=== Section Start ===

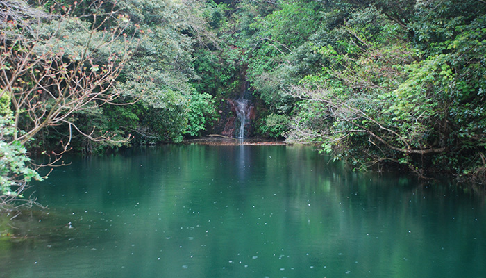 硫黄沼は室町時代に作られたため池。水中に硫黄が溶け込み、天候や季節により水面が様々な色に変わります。沼の奥には写真にも写っている小さな滝があります。
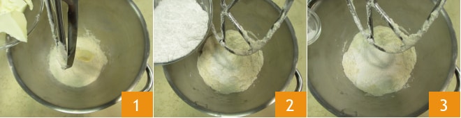 Um die Spiegelei-Torte vorzubereiten, beginnen Sie mit dem Mürbeteig. Sie können mit der Küchenmaschine oder von Hand in der gleichen Reihenfolge arbeiten. Geben Sie dann Mehl und kalte Butter in Stücken in die Schüssel 1. Verarbeiten Sie die Zutaten mit dem Flachrührer für ein paar Minuten, bevor Sie den Puderzucker 2 und das Salz 3 hinzufügen.
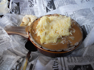 Including my meal... Shepard's pie! This dish was so awesome! The waitress said this was her favorite thing on the menu, so I took her word for it and ordered it. On the side was a raisin biscuit with honey butter.
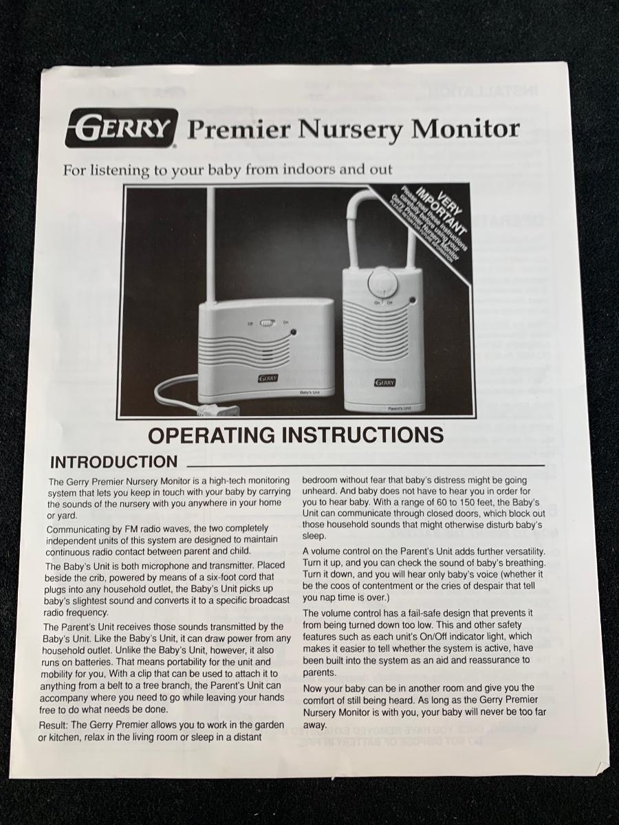 Brand new in box Gerry Premiere Baby Monitor w/2 channels and Parent unit. Model 603
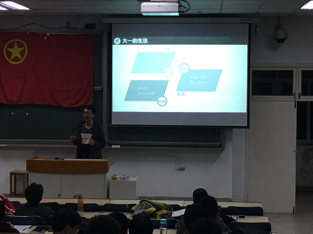 紧接着,凌宇学长分享了他大学的生活。凌宇学长不仅学习成绩优异,而且还参加了各种各样的活动,譬如robot game,校园歌手大赛等。他丰富多彩的大学生活吸引着3班的各个同学,让同学们了解到学习虽是作为大学生的主要任务,但同时我们也应该丰富自己的业余生活,让大学有更多的乐趣与回忆。
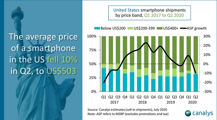 Canalys 预计,苹果和三星仍是美国智能机市场的两大巨头,每 10 部设备中有 7 部来自这两家公司。其中 iPhone 在 2020 年 2 季度创下了 1500 万部的新纪录,较 2019 年最畅销的 iPhone XR 机型还高出了 15% 。
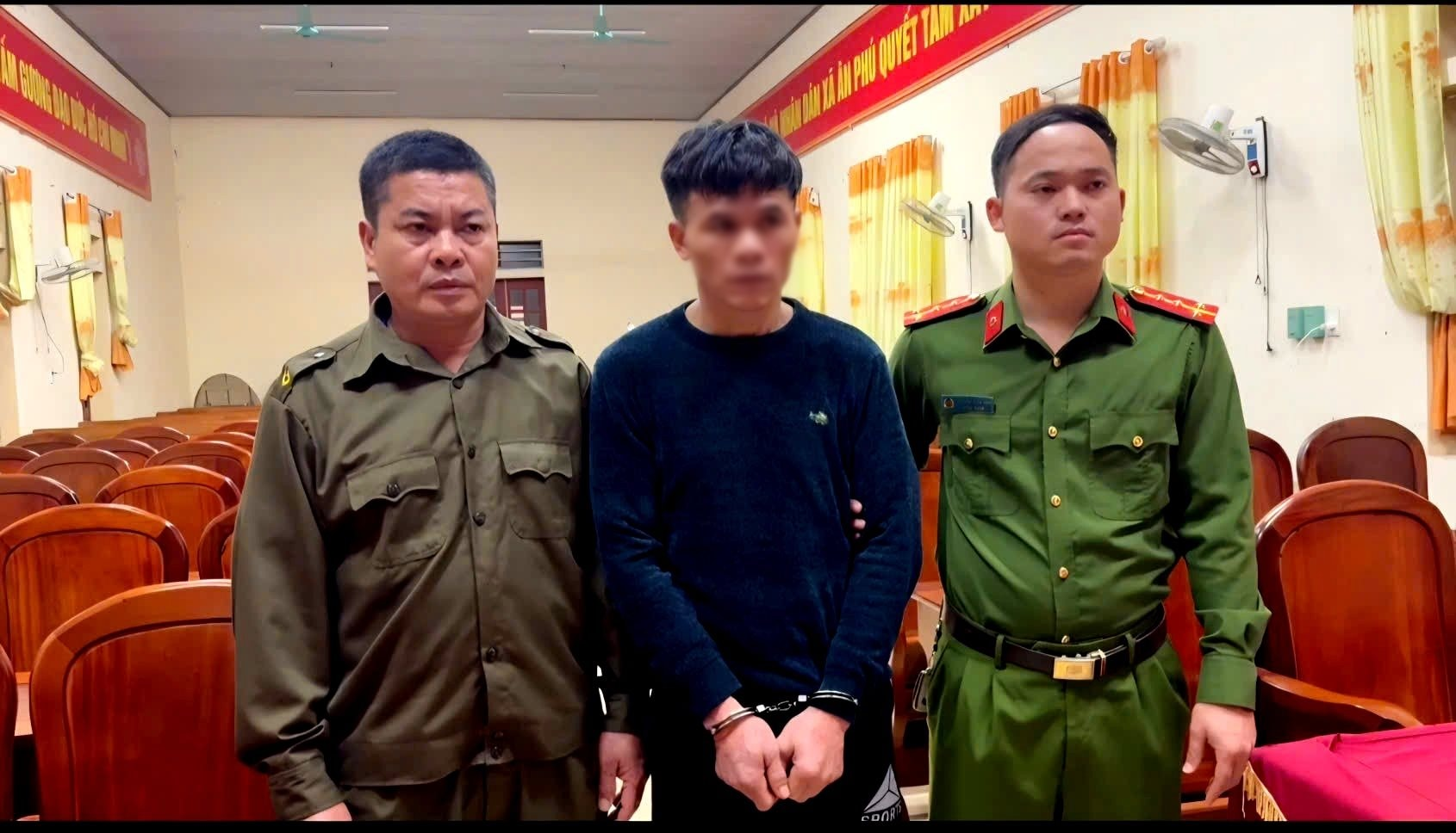 Lực lượng chức năng bắt giữ Nguyễn Trung Thành. |
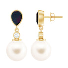 Behold the captivating beauty of these Freshwater Pearl Earrings secured with Screw Back Closure, a stunning piece of jewelry that instantly mesmerizes. A Round Shape White Freshwater Pearl delicately hangs as a drop, accentuated by a lustrous Pear Cut Black Opal on top in a bezel setting, and further adorned with Moissanite for a touch of luxury.
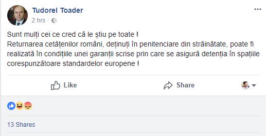 "Sunt mulţi cei ce cred că le ştiu pe toate! Returnarea cetăţenilor români deţinuţi în penitenciare din străinătate poate fi realizată în condiţiile unei garanţii scrise prin care se asigură detenţia în spaţiile corespunzătoare standardelor europene", a scris Tudorel Toader.
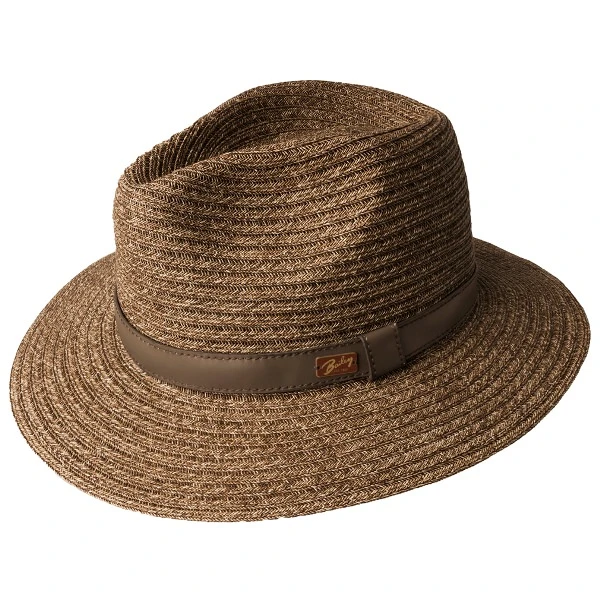 The Bailey Foley Braided Straw Fedora combines the delicate look of finely woven straw with the durable, flexible feel of Litestraw for a hat made for summer. A casual grad crown, slightly sloped down on both front and back, meets a generous 2 3/4 inch downturn brim finished with a rich leather band. Bailey tab on the leather band.
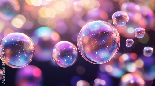 Iridescent Bubbles with Glittering Specks Against a Blurred Background
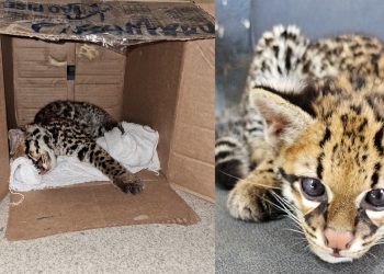 Veja vídeo: Filhote de jaguatirica é encontrado em estrada rural e entregue à delegacia de Costa Marques
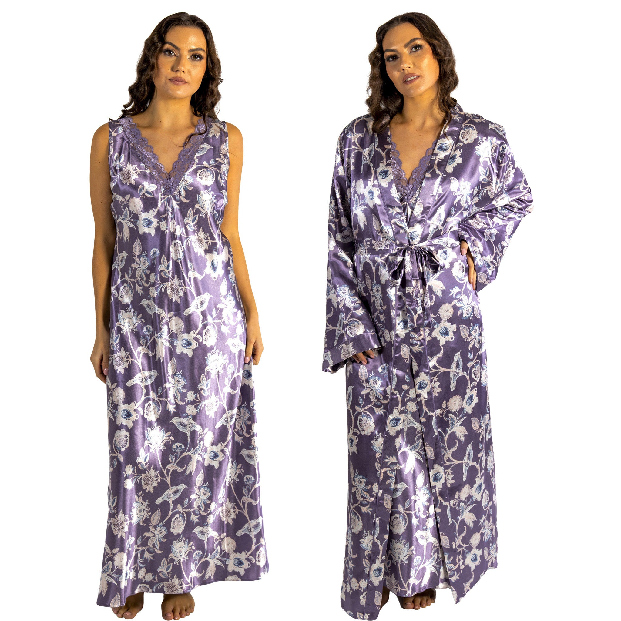 Matching Lilac Purple Floral Sexy Satin Long Nightdress & Wrap Set Negligee Lingerie PLUS SIZE
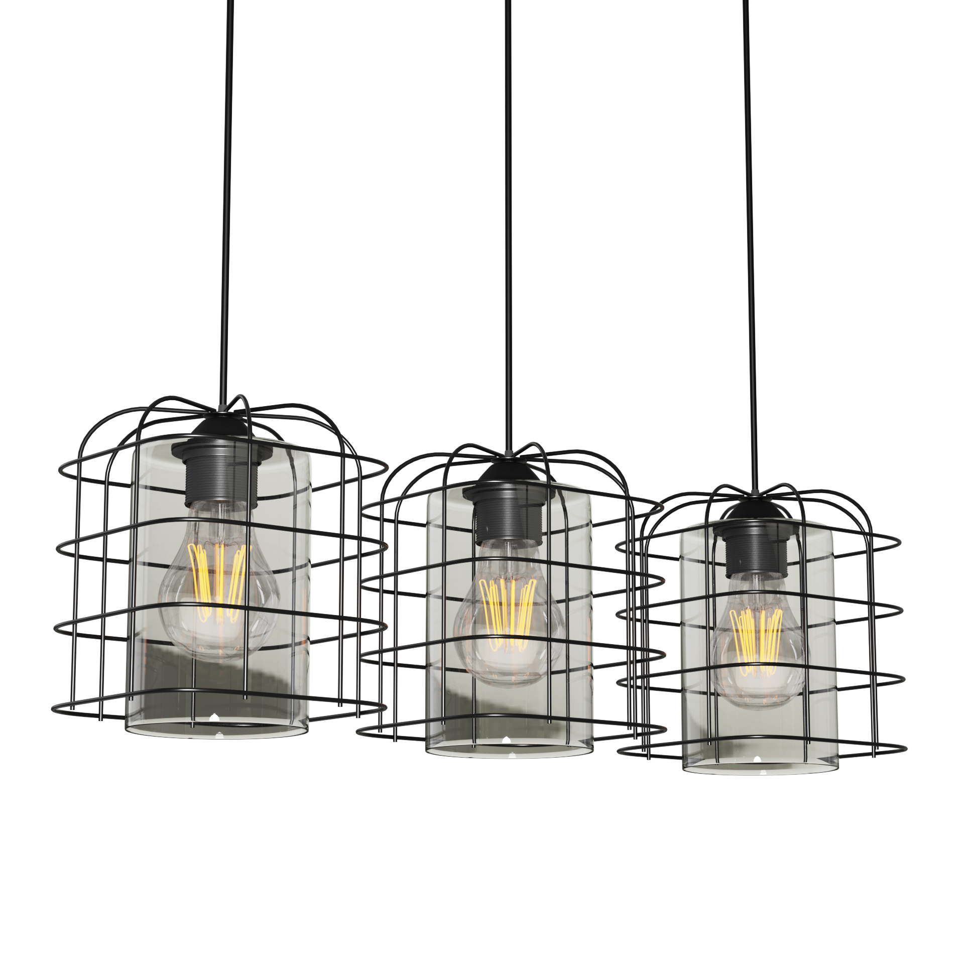 Φωτιστικό Κρεμαστό Τρίφωτο Μεταλλικό Μαύρο Ε27 50x15x65cm
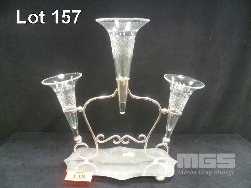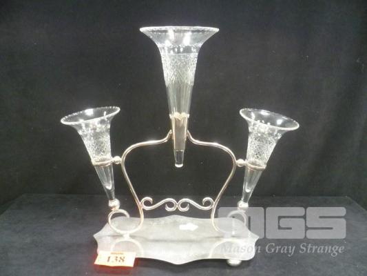 SILVER PLATED EPERGNE WITH 3 x CRYSTAL INSERTS
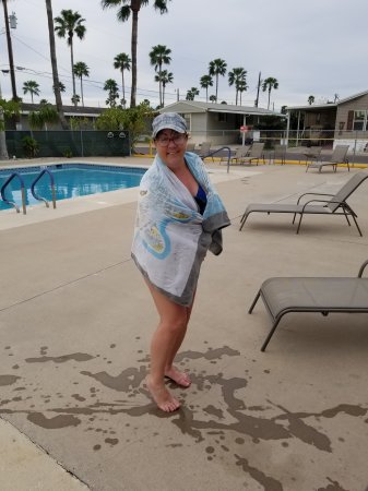 Even with the wind, cloudy sky and only 20° C, we still went in the pool.
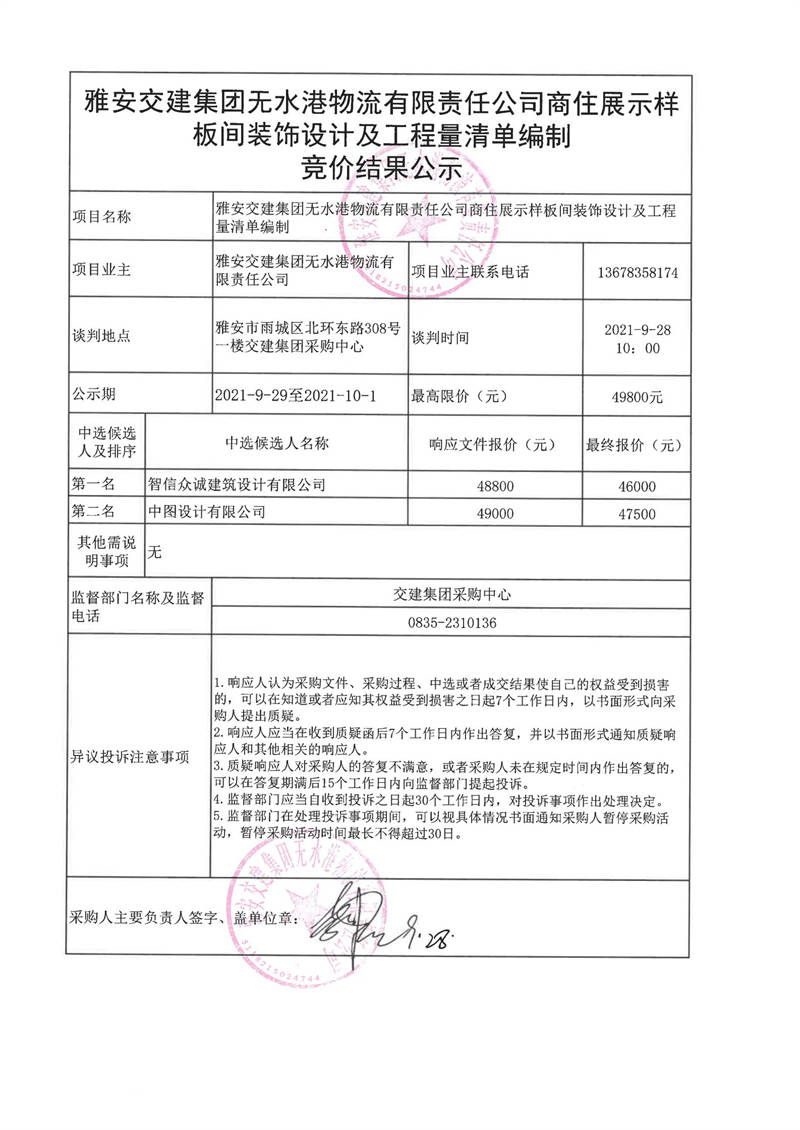 雅安交建集團無水港物流有限責(zé)任公司商住展示樣板間裝飾設(shè)計及工程量清單編制競價結(jié)果公示
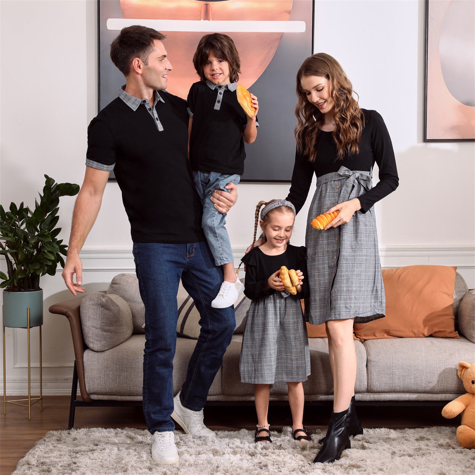 新作 PatPat Plaid Splicing Black 長袖ファミリーマッチングセット(ドレスと半袖ポロシャツ)

=== Section End ===

What is needed is a word-for-word copy of the lines from the one containing "Even with the" through the final line of the records above, both included, with the pictures left out.

 Even with the wind, cloudy sky and only 20° C, we still went in the pool.
 雅安交建集團無水港物流有限責(zé)任公司商住展示樣板間裝飾設(shè)計及工程量清單編制競價結(jié)果公示
 新作 PatPat Plaid Splicing Black 長袖ファミリーマッチングセット(ドレスと半袖ポロシャツ)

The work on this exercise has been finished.